=== Records supplied ===
____________________

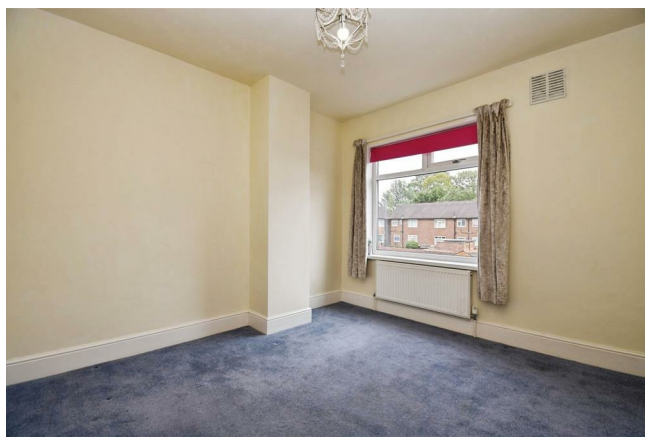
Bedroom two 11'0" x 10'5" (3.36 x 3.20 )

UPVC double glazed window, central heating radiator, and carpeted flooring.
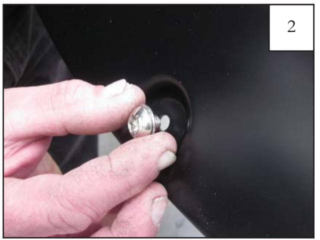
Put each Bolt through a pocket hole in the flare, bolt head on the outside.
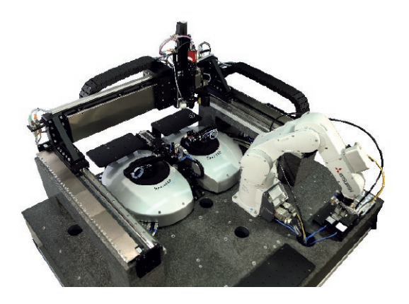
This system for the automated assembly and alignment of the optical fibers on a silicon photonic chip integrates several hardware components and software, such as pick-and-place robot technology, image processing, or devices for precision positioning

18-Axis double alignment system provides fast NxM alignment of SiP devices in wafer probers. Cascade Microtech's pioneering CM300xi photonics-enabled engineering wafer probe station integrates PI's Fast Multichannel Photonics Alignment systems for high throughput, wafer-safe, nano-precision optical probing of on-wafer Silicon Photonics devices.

____________________

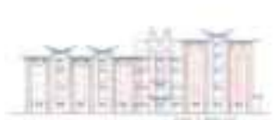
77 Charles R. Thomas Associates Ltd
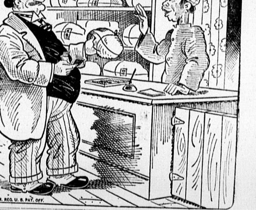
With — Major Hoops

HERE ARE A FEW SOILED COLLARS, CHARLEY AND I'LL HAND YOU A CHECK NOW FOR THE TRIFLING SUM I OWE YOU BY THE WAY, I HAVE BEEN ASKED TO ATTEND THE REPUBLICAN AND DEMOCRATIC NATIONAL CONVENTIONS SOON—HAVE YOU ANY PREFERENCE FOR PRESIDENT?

____________________

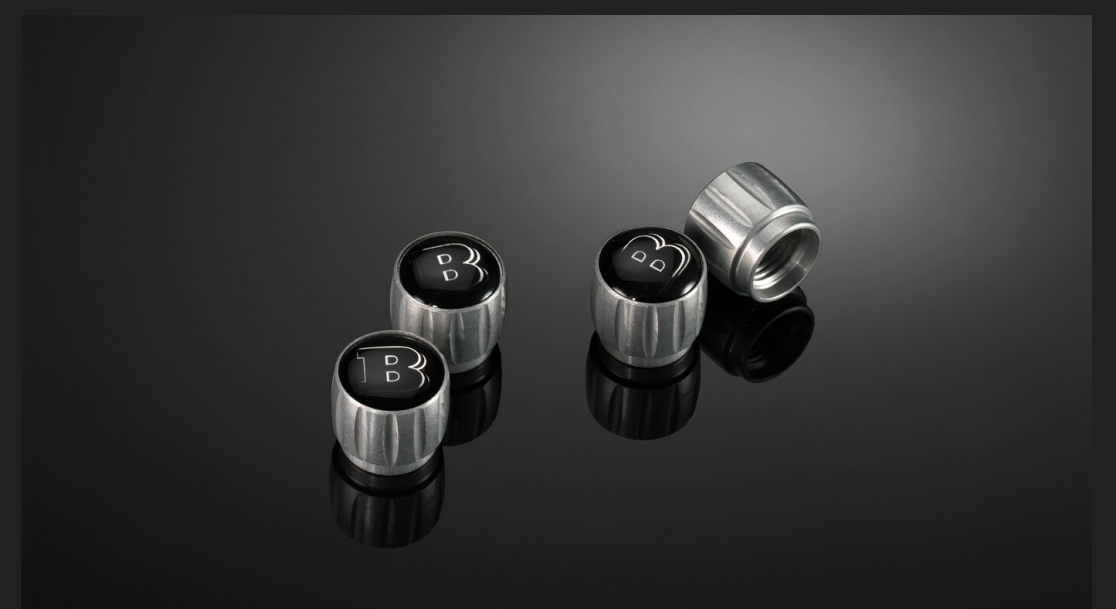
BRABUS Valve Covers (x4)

____________________

Count the lines in the data that contain the string "devices", and give nothing but that number.

=== Exercise result ===
2